**About this task:**
For the records below, copy exactly the span that begins at the line containing "JMA-615 实拍 甜辣纯欲系蕾丝花边碎花吊带背心夏季甜美修身内搭外穿上衣" and stops after the line containing "春日回暖,气温回升,现如今,我的电车🚗和", minus any pictures.

** Supplied records follows **

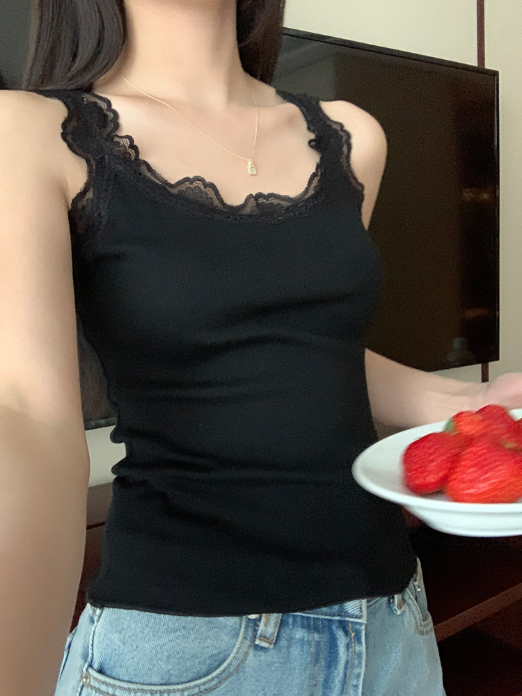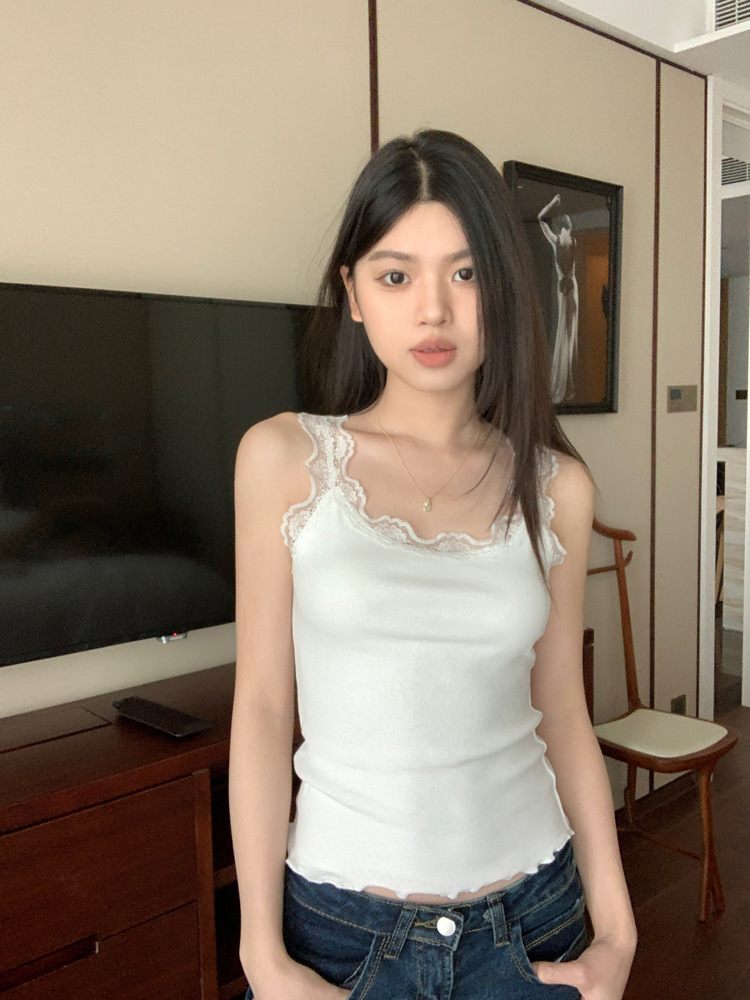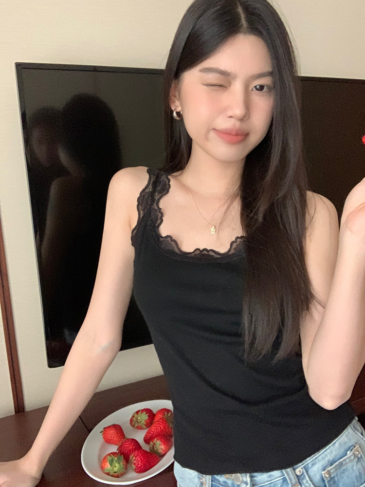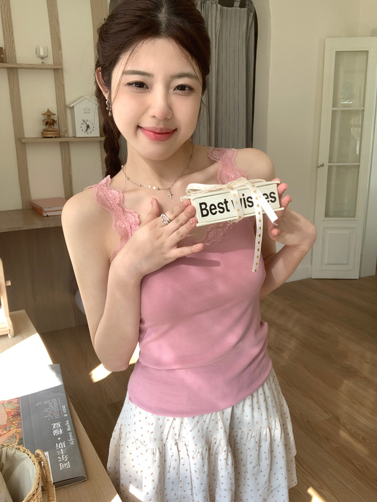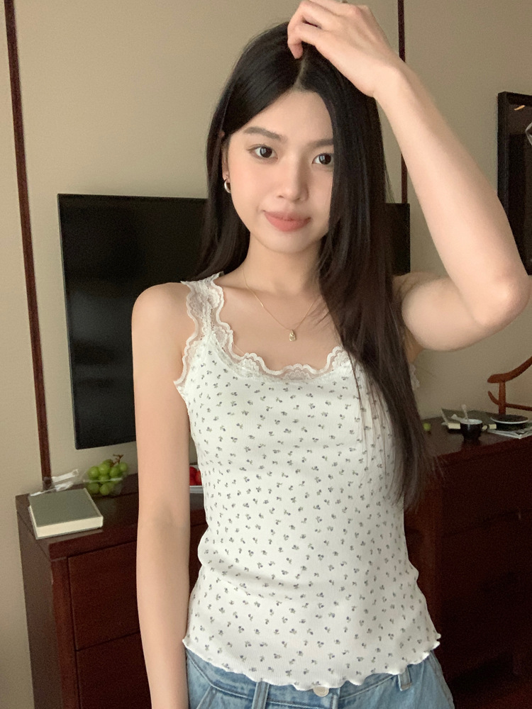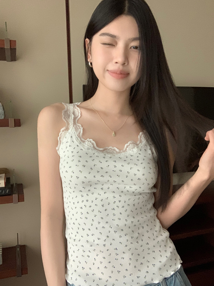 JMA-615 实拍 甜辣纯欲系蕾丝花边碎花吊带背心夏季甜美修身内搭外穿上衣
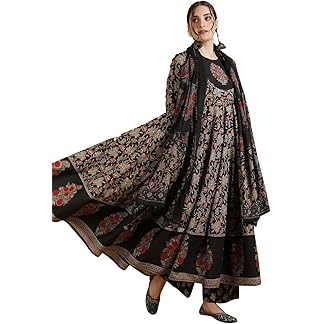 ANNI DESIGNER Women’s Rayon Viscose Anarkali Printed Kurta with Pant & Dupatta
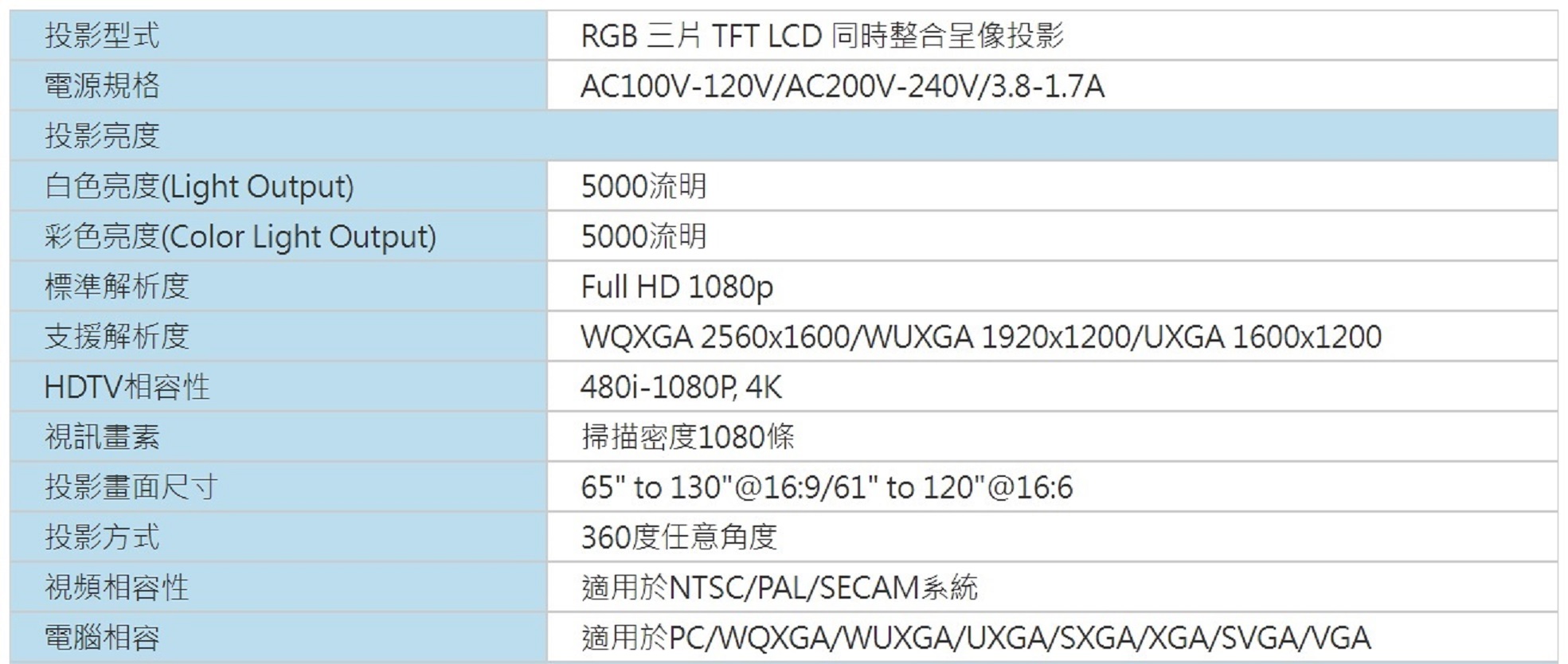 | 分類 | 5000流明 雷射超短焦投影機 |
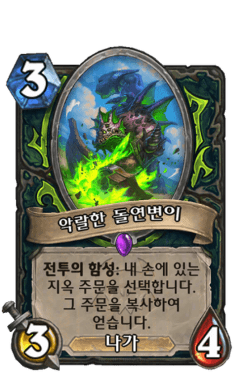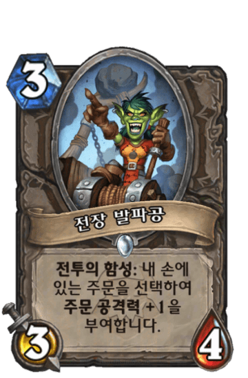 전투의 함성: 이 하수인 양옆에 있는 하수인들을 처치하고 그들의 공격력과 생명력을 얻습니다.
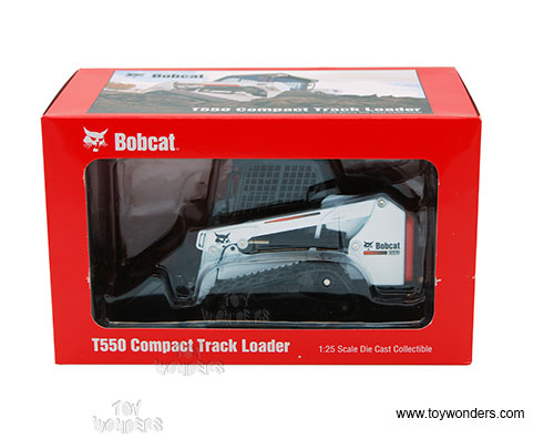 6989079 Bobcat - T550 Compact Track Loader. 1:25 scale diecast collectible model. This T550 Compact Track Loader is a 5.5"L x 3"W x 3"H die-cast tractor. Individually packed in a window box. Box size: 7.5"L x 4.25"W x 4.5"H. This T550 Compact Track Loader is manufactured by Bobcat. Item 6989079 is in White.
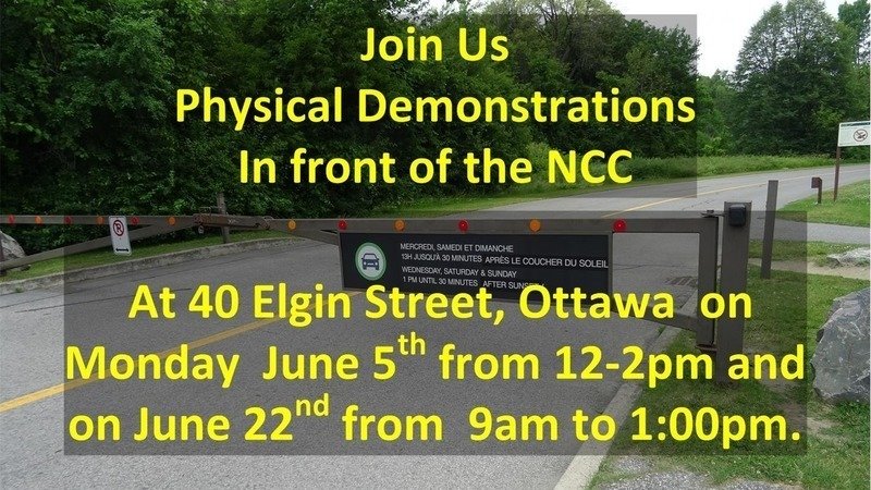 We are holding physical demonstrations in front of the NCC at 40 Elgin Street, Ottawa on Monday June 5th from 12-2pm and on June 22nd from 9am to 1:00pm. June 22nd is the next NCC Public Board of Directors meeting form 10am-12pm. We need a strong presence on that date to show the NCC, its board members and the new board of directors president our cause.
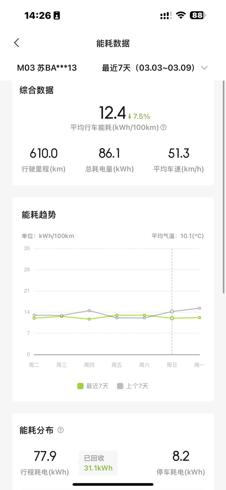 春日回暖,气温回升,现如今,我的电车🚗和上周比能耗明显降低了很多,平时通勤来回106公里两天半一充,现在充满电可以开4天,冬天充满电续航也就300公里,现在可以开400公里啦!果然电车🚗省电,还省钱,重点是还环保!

** End of Supplied records **
** Supplied records follows **

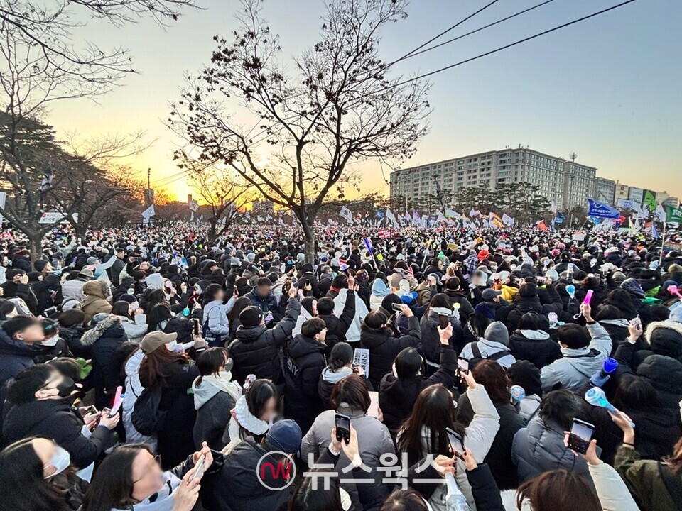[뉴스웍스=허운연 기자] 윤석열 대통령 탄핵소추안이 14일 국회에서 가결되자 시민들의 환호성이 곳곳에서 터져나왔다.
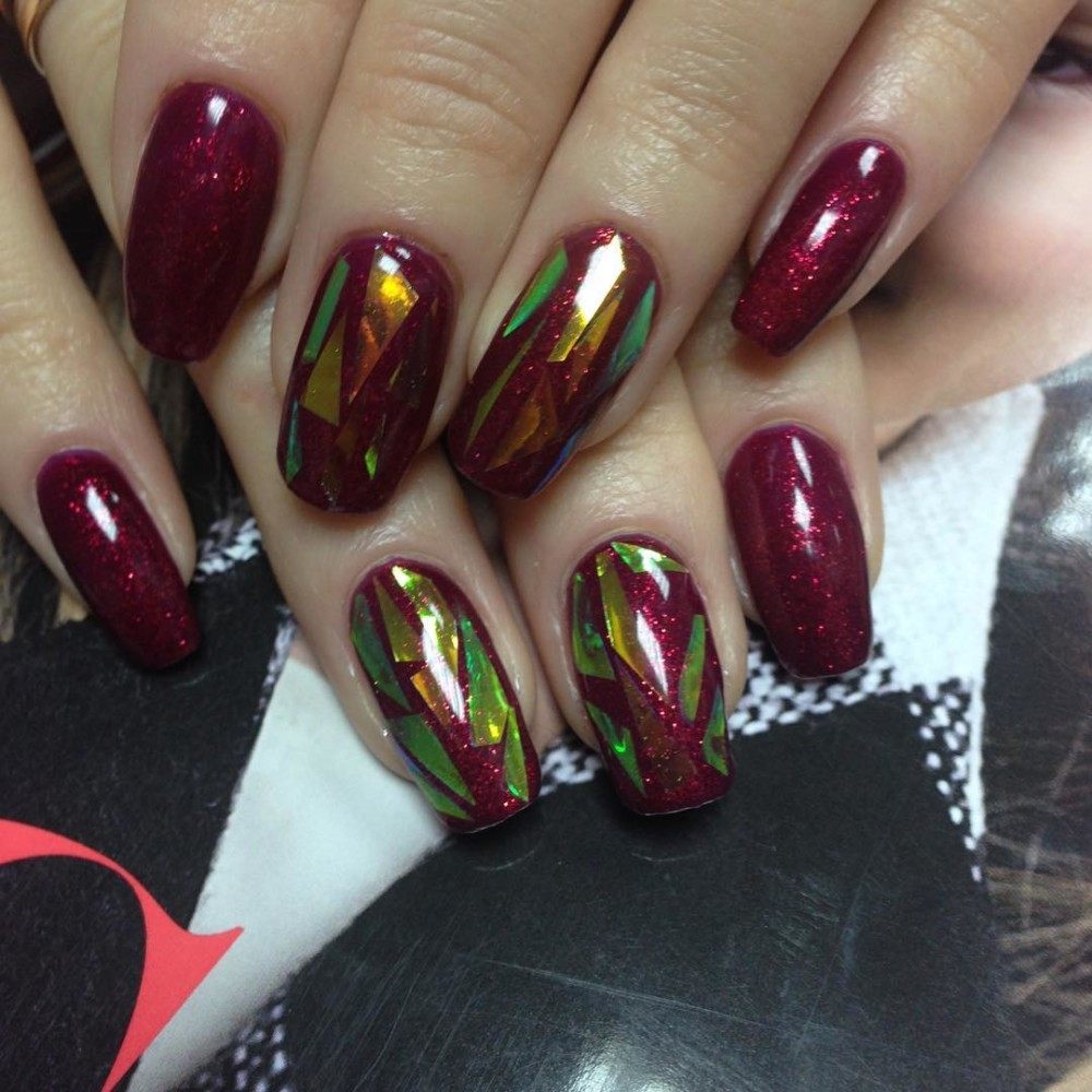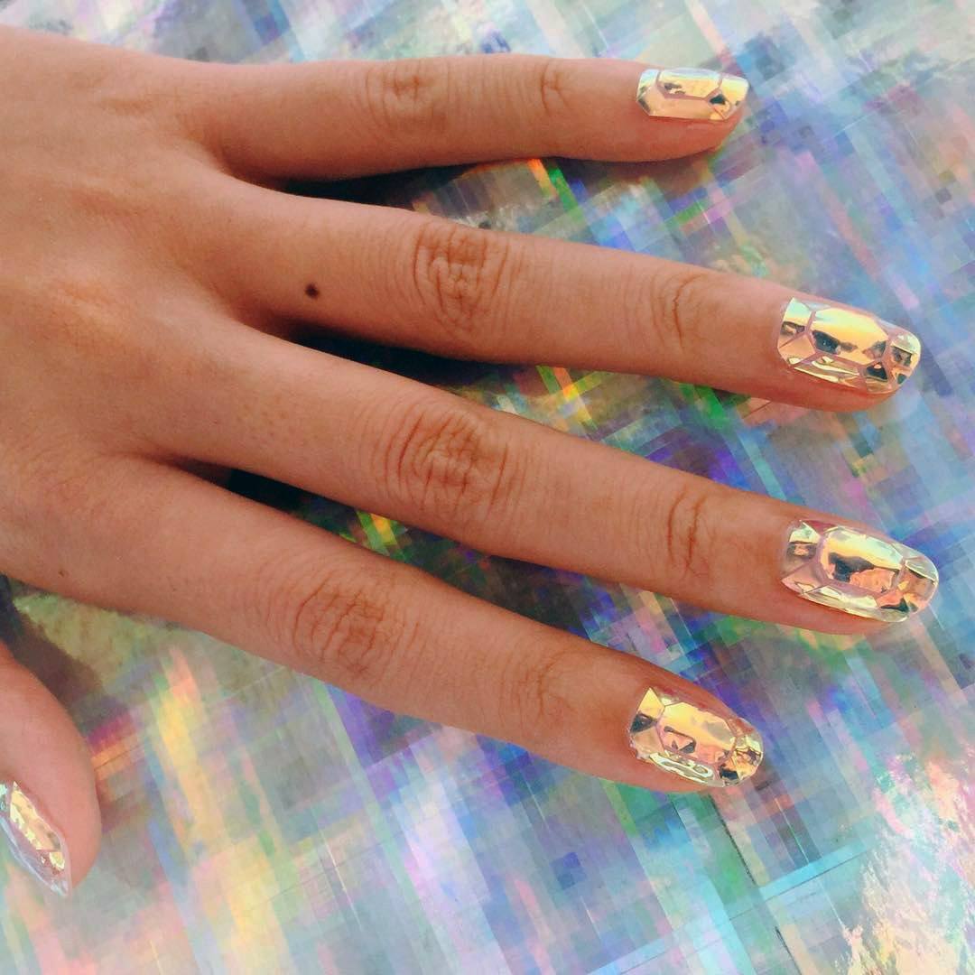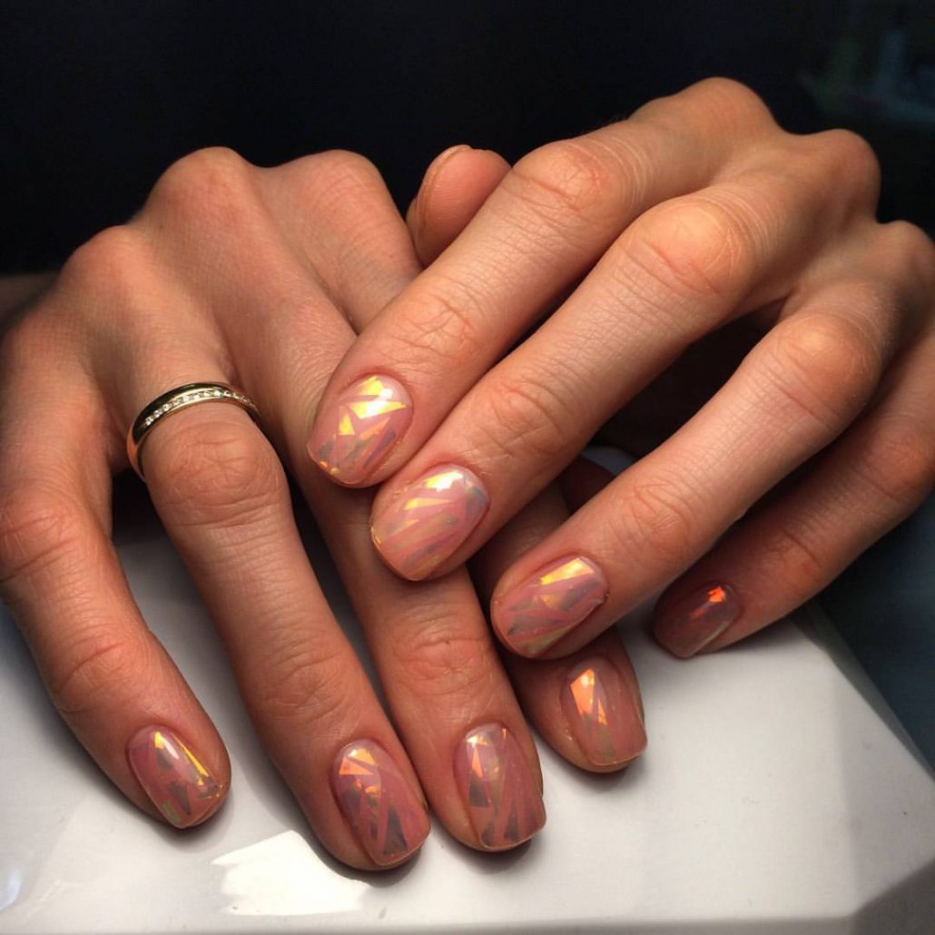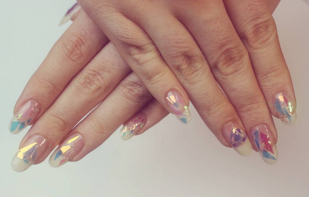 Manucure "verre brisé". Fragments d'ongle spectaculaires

** End of Supplied records **

**Task result:**
 JMA-615 实拍 甜辣纯欲系蕾丝花边碎花吊带背心夏季甜美修身内搭外穿上衣
 ANNI DESIGNER Women’s Rayon Viscose Anarkali Printed Kurta with Pant & Dupatta
 | 分類 | 5000流明 雷射超短焦投影機 |
 전투의 함성: 이 하수인 양옆에 있는 하수인들을 처치하고 그들의 공격력과 생명력을 얻습니다.
 6989079 Bobcat - T550 Compact Track Loader. 1:25 scale diecast collectible model. This T550 Compact Track Loader is a 5.5"L x 3"W x 3"H die-cast tractor. Individually packed in a window box. Box size: 7.5"L x 4.25"W x 4.5"H. This T550 Compact Track Loader is manufactured by Bobcat. Item 6989079 is in White.
 We are holding physical demonstrations in front of the NCC at 40 Elgin Street, Ottawa on Monday June 5th from 12-2pm and on June 22nd from 9am to 1:00pm. June 22nd is the next NCC Public Board of Directors meeting form 10am-12pm. We need a strong presence on that date to show the NCC, its board members and the new board of directors president our cause.
 春日回暖,气温回升,现如今,我的电车🚗和上周比能耗明显降低了很多,平时通勤来回106公里两天半一充,现在充满电可以开4天,冬天充满电续航也就300公里,现在可以开400公里啦!果然电车🚗省电,还省钱,重点是还环保!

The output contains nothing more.